Newman asserts that glory of the Irish Church was followed by the glory of the Anglo-Saxon Church, and he masterfully describes the work of the missionaries.
“The seventh and eighth centuries are the glory of the Anglo-Saxon Church, as are the sixth and seventh of the Irish. As the Irish missionaries travelled down through England, France, and Switzerland, to lower Italy, and attempted Germany at the peril of their lives, converting the barbarian, restoring the lapsed, encouraging the desolate, collecting the scattered, and founding churches, schools, and monasteries, as they went along; so, amid the deep pagan woods of Germany and round about, the English Benedictine plied his axe and drove his plough, planted his rude dwelling and raised his rustic altar upon the ruins of idolatry, and then settling down as a colonist upon the soil, began to sing his chants and to copy his old volumes, and thus to lay the slow but sure foundations of the new civilization.”
According to Newman both nations had a different character and talent; the Irish resembling more the Greek, and the Anglo-Saxons the Romans.
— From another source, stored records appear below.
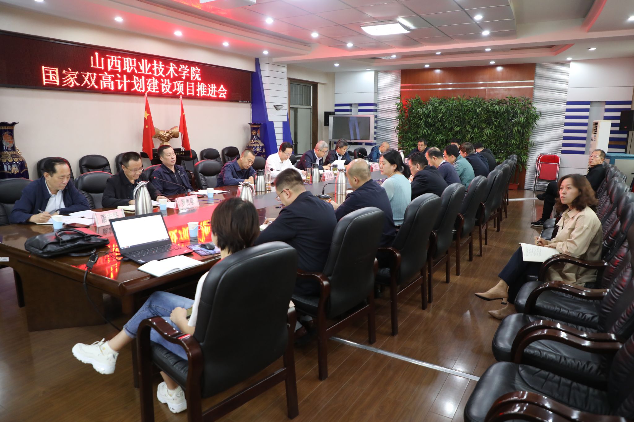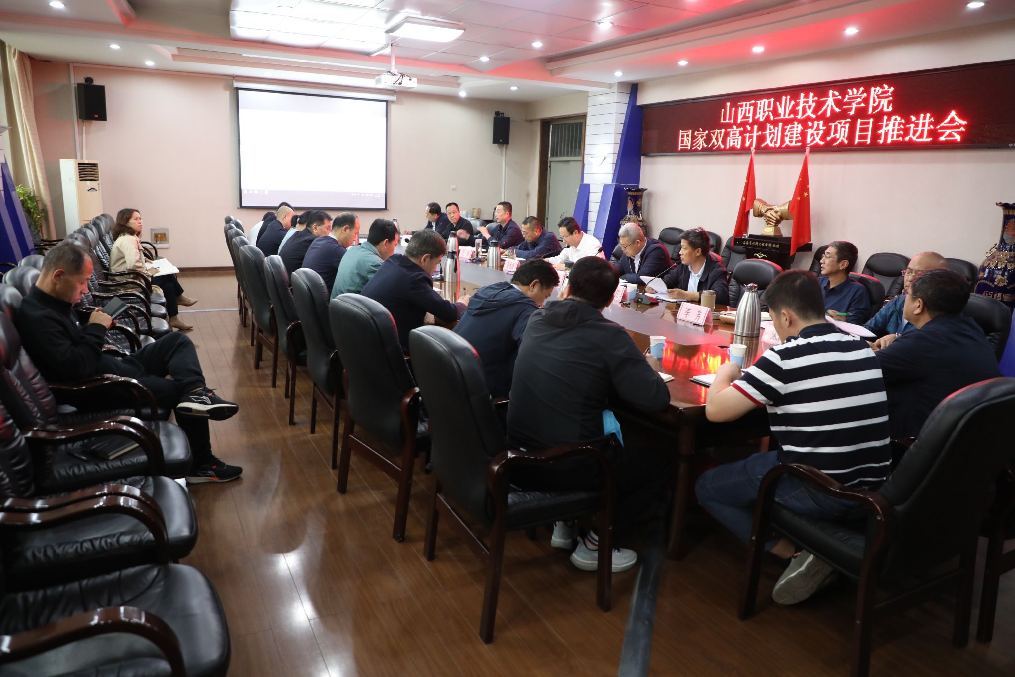 9月19日下午 八戒影视,学院在坞城校区教学楼四层会议室召开了2022年第二学期第四次国家双高计划建设项目推进会,学院党委书记雷承锋,院长何秋生等全部院领导出席会议,项目办,财务部,各子项目责任部门,大数据专业群等负责人参加了会议,会议由副院长尤陶江主持。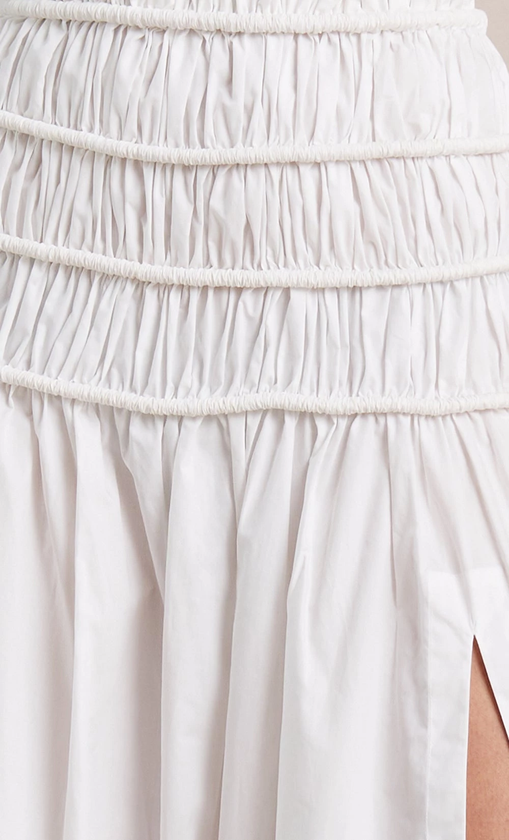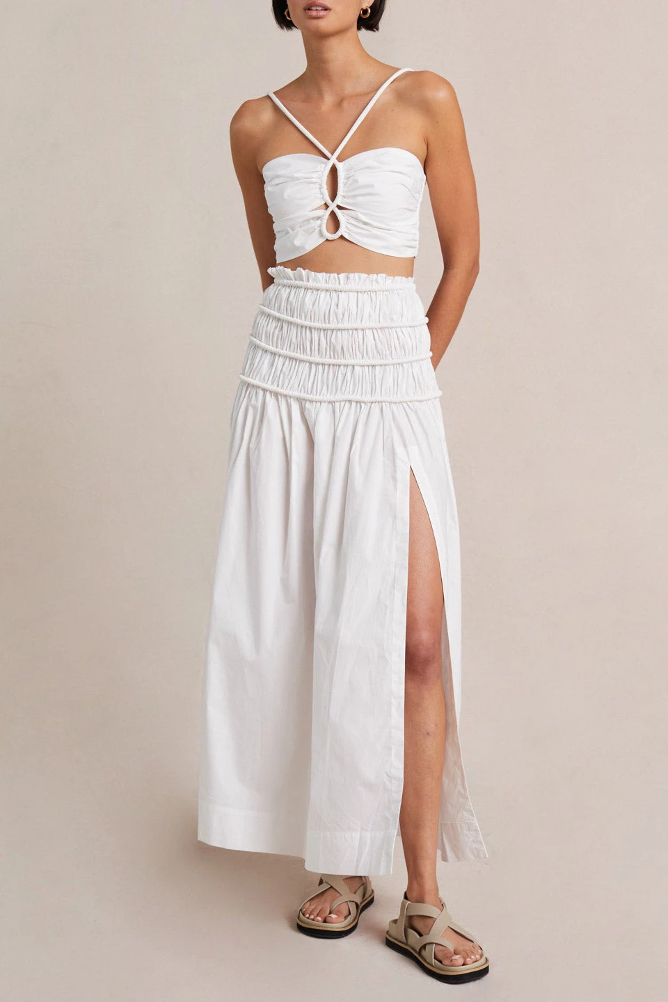 The Eli Maxi Skirt is an easy-to-wear high waisted cotton style with shirred detailing on the hips and waist, finished with a side split leg. Styled with the Eli Crop Top available here.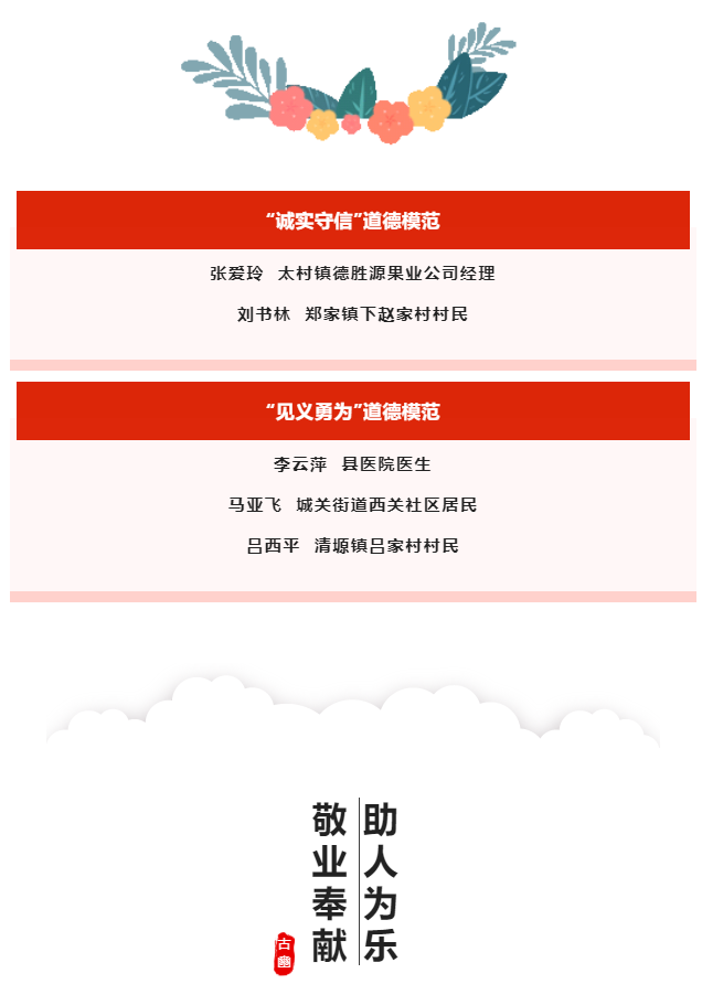 伟大时代呼唤伟大精神,崇高事业需要榜样引领。当前,我县正处于矢志追赶超越、奋力攻坚突破、全力加快县域经济高质量发展的关键时期,迫切需要弘扬传美德、树立时代新风、凝聚发展合力。希望全县广大干部群众,认真学习道德模范的先进事迹,学习他们播撒爱心、无私奉献的崇高境界,学习他们辛勤耕耘、锐意拼搏的工作状态,学习他们一心为民、服务群众的高尚情操,学习他们守信重诺、造福桑梓的优秀品德。要持续深入推进文明家庭创建,继承和弘扬革命前辈的家风家训,教育亲属子女树立遵纪守法、艰苦朴素、自食其力的良好观念,做家风建设的表率。要争做崇尚道德的践行者、文明风尚的维护者、幸福家庭的创造者,重言传、重身教,身体力行,耳濡目染,做到以德正人、以学育人、以文化人,为“全市创优秀、全省创一流、全国有亮点”提供坚强的思想保证、强大的精神力量、丰润的道德滋养,以实干实绩迎接党的二十大胜利召开!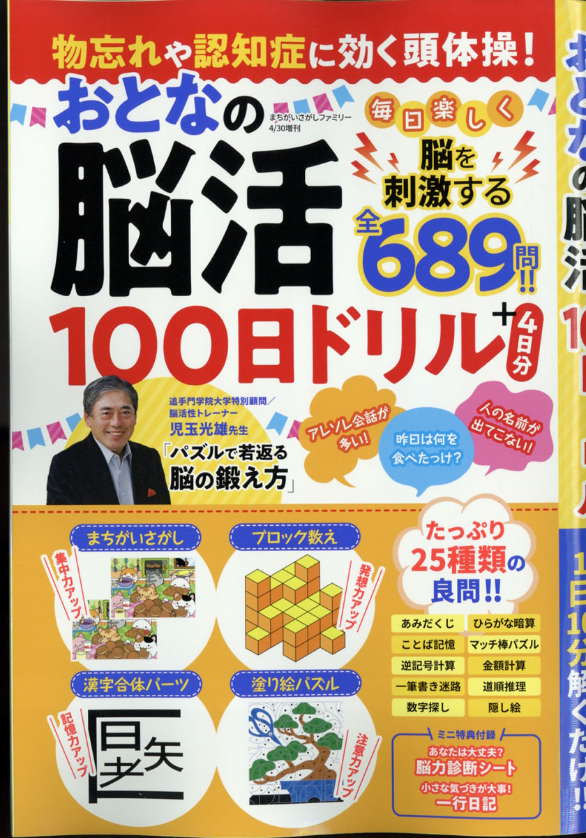 まちがいさがしファミリー増刊 物忘れや認知症に効く頭体操!おとなの脳活100日ドリル 2022年 04月号 [雑誌]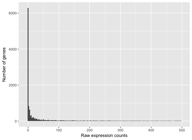 If we zoom in close to zero, we can see that there are a large number of genes with counts of zero:
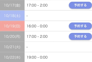 本日出勤 17:00〜翌02:00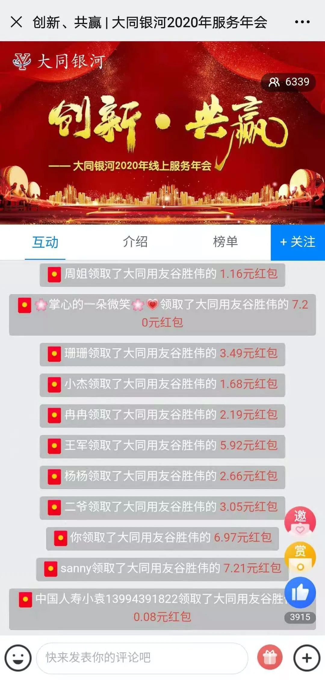 2020年12月22日下午3點,大同銀河舉辦了“2020年線上服務(wù)年會”。年會主要內(nèi)容由用友高級咨詢顧問彭澤華和用友數(shù)字化咨詢總監(jiān)費燕分別就《數(shù)智企業(yè) 財稅引領(lǐng)》和《U8C集團(tuán)管控介紹》做了精彩的專業(yè)講解。直播現(xiàn)場在線人數(shù)最高達(dá)6383人,3915人次進(jìn)行直播點贊,評論區(qū)互動不斷、紅包雨不停,場面空前活躍。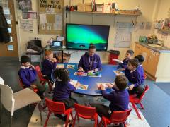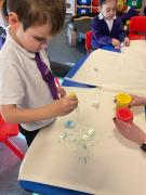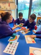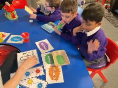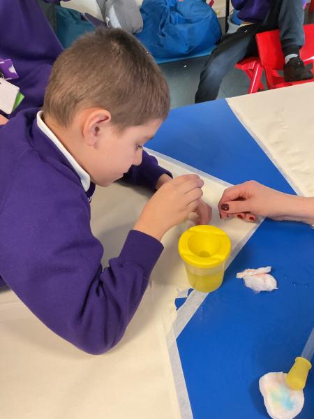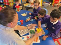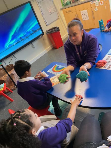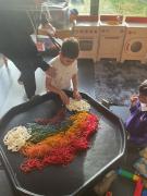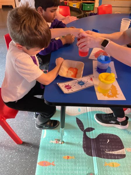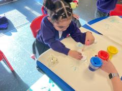 This term we have been having lots of fun exploring colours and mixing colours during expressive arts. We loved using lots of different mediums to explore mixing colours, including paint, play dough and coloured water. We have been developing our curiosity and anticipation as we wait for the colours to change.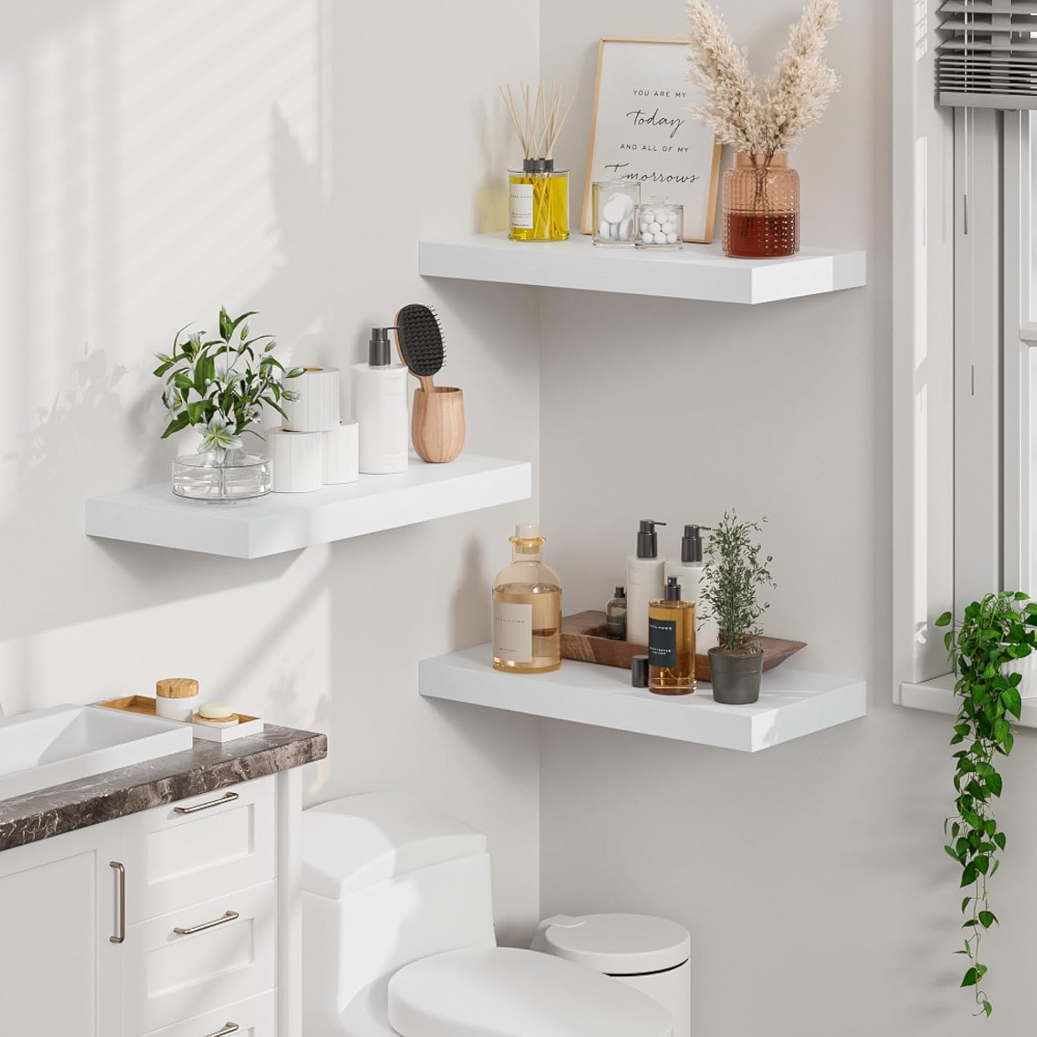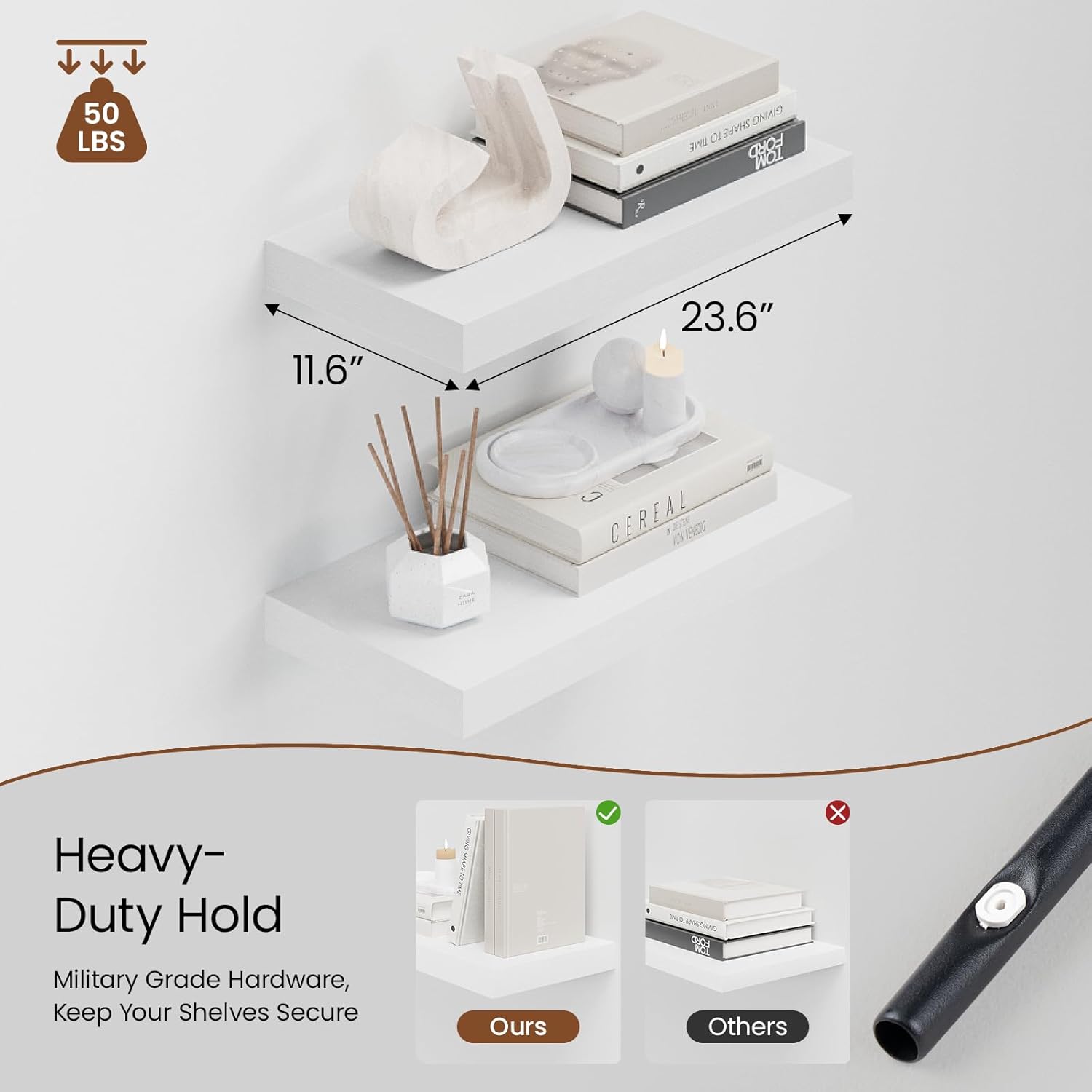 - Extra Deep Floating Shelves: Measuring 11.6β D x 23.6β W x 1.5β H, these shelves are crafted for maximum depth and durability. The spacious 12β depth gives you plenty of room for stylish display, organized storage, and decorative accents. Perfectly suited for your bathroom, kitchen, or living room, they enhance both function and flair in any space!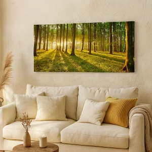 Impression sur toile - Image sur toile - Le soleil couchant dans la forêt de feuillus - 50x70cm - Toutes les photographies de printemps - Décoration murale moderne pour le salon et la chambre ARTTOR

“Each by turn could claim pre-eminence in the contest of sanctity and of learning. In the schools of science England has no name to rival Erigena in originality, or St. Virgil in freedom of thought; nor among its canonized women any saintly virgin to compare with St. Bridget; nor, although it has 150 saints in its calendar, can it pretend to equal that Irish multitude which the Book of Life alone is large enough to contain. Nor can Ireland, on the other hand, boast of a doctor such as St. Bede, or of an Apostle equal to St. Boniface, or of a Martyr like St. Thomas,—or of so long a catalogue of royal devotees as that of the thirty male or female Saxons who in the course of two centuries resigned their crowns, or as the roll of twenty-three kings, and sixty queens and princes, who, between the seventh and the eleventh centuries, gained a place among the saints. Yet, after all, the Irish, whose brilliancy of genius has sometimes been considered, like the Greek, to augur fickleness and change, have managed to persevere to this day in the science of the saints, long after their ancient rivals have lost the gift of faith.”
According to Newman when Charlesmagne rose to power on the continent the mission of two islands of preserving learning was at an end; the Danes began to descend upon these islands. But he notes, that it was the Anglo-Saxon Alcuin, and the Irish Clement who were the first and second rectors of the Studium of Paris. And in the same period the Irish John Scotus (Eurigena) who was sent to found the school of Pavia, and the Irish Dungall, a monk of St. Denis who defeated the heretical iconoclasm of Bishop Claudius of Turin.
This impressive record of the Irish and English Church is a tribute to the hard work and ideal of holiness of the monasteries and their monks, to their missionary zeal and preservation of learning. For most people it is an unheard story or at best a forgotten one that must be retold.